My 1st trip to NY as an author (Reposted from

(Note: This is re-posted from its original published location over at

I hope you’ll forgive me. This blog post is a bit of an indulgence on my part, as it may only be remotely interesting to me; I’m setting out to chronicle nothing more and nothing less than a series of office visits. I don’t think my experience below is any more exciting or more special than any person’s first day on their dream job. It was a wonderful set of moments for me, though—the physical manifestation of a life-long dream come true. My only hope here is that it speaks to that special dream in all of us, and that it inspires us to believe that we can accomplish anything that we put our minds to.

I’m the son of a small town firefighter and truck driver from a rather remote part of mountainous central Arizona. It’s hard to properly put into perspective the jump from my very modest and myopic childhood to last July when I met with my literary agent at the bar of the Waldorf Astoria in New York City. To bridge that gap, I’m going to have to rely on the sensibilities of your own experience or aspirations in escaping the orbit of your parents and the pull of your small town. Otherwise I’ll end up with a novel instead of a blog post. But I trust that most readers can appreciate the yawning vastness between those two different chapters in my life.

This is really a testament to the reality that the publishing industry remains a rare and precious commodity in this world: a completely blind arbiter. In the realm of telling stories for a living, I’m fairly convinced that getting into television or movies requires you to have a parent or another close family member already in the business. There are, of course, exceptions to the rule, but the rule is pretty steadfast these days. I would argue that it’s very much the opposite in book publishing. When my agent and later my editor signed me, they had no Earthly idea who my parents were, where I came from, what color I was, what stocks I invested in, what my religious beliefs were, who I dated, whether I was married or single, how many family members I had in the industry. None. They looked only at the words I had written down, and their judgments were focused like a laser beam only on that.

Looking back, one of the greatest insights of my life was long ago identifying writing as a possible way to escape my destiny. I know you know what I’m talking about. Writing is cheap. It costs NOTHING to put pencil to paper and go. A little more to get a computer, but that’s not a hard and fast obstacle. What other creative pursuit can you engage in with the potential of making a career out of it without spending a dime? Perhaps the question is slightly hyperbolic, but do you get what I’m saying? For the cost of a Number Two pencil and a notebook I can stop the globe spinning. I can blow up buildings. I can create and destroy entire lives, entire solar systems. I can make people cry and laugh and beg for more. It’s simply astounding. And I trusted the industry to notice me for my craft and nothing else. It worked! I’m living proof that it worked and that it can work for you, too.

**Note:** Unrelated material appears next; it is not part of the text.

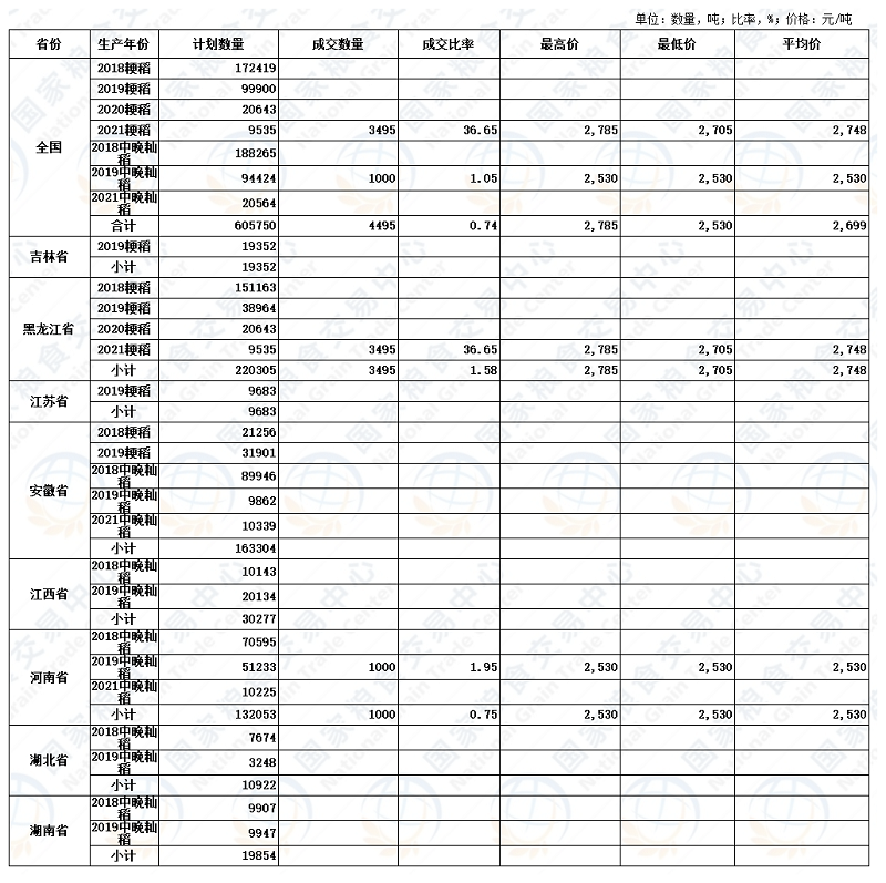 2022年8月23日最低收购价稻谷交易结果

This dream didn’t come true overnight. I worked hard at it for ten years over the course of six novels and other writing experimentation. It was painful and lonely much of the time, wanting to be an author so badly but not yet having the skill to pull it off. It took hard work and dedication and a psychotic level of belief in myself. But I did eventually make it work. I finally made it in the door. I got that call from a literary agent, and then that call from a publishing house. And then I found myself schmoozing in the lounges of historic New York hotels and talking shop with award-winning editors on the 9th floor of the Random House building! So fun to realize that dream, and to confirm how nice and human everyone is behind the fortress walls of the publishing industry. I hope you’ll enjoy my little romp down memory lane, here. For me, at least, it represents nothing less than the power of dreaming.

Meeting my agent/agency’s director, Holly McGhee of Pippin Properties, in the lobby bar of the Waldorf Astoria Hotel. She represents so many luminaries in children’s book publishing, I don’t even know where to begin. Letting her buy me a Singapore Sling is a good way to start! (Night time, dim lighting, stupid iPhone…sorry for the quality.)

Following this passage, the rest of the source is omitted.